━━ SUPPLIED RECORDS ━━
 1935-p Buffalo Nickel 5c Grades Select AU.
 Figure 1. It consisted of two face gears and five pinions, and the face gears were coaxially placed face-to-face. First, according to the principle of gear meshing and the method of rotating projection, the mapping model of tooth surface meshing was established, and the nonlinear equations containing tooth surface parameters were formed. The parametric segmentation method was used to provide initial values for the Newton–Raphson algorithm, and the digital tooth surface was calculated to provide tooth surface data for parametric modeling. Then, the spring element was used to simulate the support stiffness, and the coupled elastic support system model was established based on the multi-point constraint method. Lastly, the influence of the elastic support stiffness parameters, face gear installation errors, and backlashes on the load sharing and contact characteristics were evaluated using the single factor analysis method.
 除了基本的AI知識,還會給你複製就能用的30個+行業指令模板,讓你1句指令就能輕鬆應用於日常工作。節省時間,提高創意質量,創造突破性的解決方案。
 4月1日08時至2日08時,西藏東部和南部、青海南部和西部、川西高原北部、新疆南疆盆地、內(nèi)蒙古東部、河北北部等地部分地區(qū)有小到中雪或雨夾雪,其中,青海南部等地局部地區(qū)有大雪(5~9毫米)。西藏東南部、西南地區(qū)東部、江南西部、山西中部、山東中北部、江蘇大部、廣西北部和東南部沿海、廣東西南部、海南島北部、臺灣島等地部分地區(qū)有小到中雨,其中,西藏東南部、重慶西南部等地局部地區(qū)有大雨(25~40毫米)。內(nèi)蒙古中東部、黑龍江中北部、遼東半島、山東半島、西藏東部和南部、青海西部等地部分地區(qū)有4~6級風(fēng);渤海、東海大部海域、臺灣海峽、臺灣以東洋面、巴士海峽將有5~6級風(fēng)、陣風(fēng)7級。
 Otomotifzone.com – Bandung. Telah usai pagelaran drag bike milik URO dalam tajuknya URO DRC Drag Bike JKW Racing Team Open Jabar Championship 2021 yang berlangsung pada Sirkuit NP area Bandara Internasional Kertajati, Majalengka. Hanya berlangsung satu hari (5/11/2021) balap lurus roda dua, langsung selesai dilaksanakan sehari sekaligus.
━━━
━━ SUPPLIED RECORDS ━━
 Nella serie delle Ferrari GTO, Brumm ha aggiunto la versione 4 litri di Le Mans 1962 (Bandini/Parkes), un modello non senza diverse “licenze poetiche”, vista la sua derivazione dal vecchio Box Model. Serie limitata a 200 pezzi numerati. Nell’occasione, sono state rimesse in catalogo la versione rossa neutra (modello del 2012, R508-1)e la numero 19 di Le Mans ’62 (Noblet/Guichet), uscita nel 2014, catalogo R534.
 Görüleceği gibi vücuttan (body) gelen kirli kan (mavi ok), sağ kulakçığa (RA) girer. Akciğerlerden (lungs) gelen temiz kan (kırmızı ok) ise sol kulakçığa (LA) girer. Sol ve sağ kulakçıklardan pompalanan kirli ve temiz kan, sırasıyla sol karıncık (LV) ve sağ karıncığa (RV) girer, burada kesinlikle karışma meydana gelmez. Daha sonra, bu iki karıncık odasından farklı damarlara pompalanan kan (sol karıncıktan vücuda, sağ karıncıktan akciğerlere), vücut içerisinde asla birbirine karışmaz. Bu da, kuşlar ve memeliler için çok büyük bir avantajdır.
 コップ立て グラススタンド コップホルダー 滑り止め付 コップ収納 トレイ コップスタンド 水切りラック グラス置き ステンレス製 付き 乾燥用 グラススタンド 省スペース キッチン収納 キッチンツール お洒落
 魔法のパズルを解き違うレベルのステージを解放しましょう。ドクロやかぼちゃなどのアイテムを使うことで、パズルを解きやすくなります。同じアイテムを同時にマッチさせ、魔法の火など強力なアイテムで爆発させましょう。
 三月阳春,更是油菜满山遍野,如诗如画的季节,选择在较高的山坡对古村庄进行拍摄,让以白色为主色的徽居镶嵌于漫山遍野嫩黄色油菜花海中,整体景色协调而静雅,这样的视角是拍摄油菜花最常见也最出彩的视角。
━━━
━━ SUPPLIED RECORDS ━━
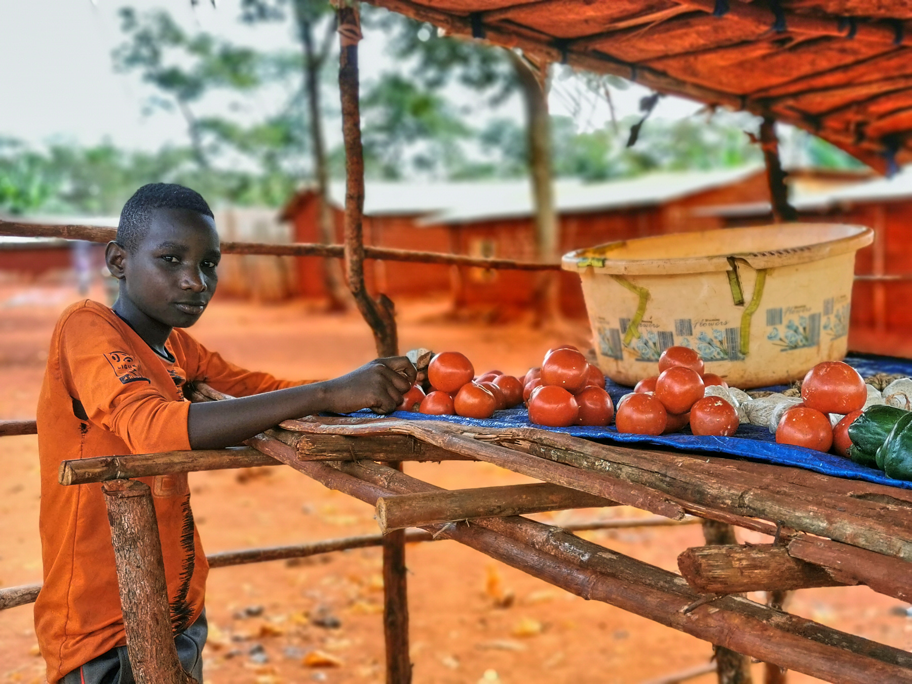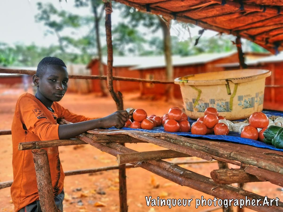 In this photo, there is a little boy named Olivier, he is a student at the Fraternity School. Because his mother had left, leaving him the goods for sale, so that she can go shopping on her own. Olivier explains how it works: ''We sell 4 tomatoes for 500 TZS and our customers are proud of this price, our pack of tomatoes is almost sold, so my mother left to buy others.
━━━
WORK TO COMPLETE
Scan the records above for the lines holding "4月1日08時至2日08時,西藏東部和南" and "Otomotifzone.com – Bandung.". Transcribe those two and every line between them word for word, and no others.

EXERCISE OUTPUT
 4月1日08時至2日08時,西藏東部和南部、青海南部和西部、川西高原北部、新疆南疆盆地、內(nèi)蒙古東部、河北北部等地部分地區(qū)有小到中雪或雨夾雪,其中,青海南部等地局部地區(qū)有大雪(5~9毫米)。西藏東南部、西南地區(qū)東部、江南西部、山西中部、山東中北部、江蘇大部、廣西北部和東南部沿海、廣東西南部、海南島北部、臺灣島等地部分地區(qū)有小到中雨,其中,西藏東南部、重慶西南部等地局部地區(qū)有大雨(25~40毫米)。內(nèi)蒙古中東部、黑龍江中北部、遼東半島、山東半島、西藏東部和南部、青海西部等地部分地區(qū)有4~6級風(fēng);渤海、東海大部海域、臺灣海峽、臺灣以東洋面、巴士海峽將有5~6級風(fēng)、陣風(fēng)7級。
 Otomotifzone.com – Bandung. Telah usai pagelaran drag bike milik URO dalam tajuknya URO DRC Drag Bike JKW Racing Team Open Jabar Championship 2021 yang berlangsung pada Sirkuit NP area Bandara Internasional Kertajati, Majalengka. Hanya berlangsung satu hari (5/11/2021) balap lurus roda dua, langsung selesai dilaksanakan sehari sekaligus.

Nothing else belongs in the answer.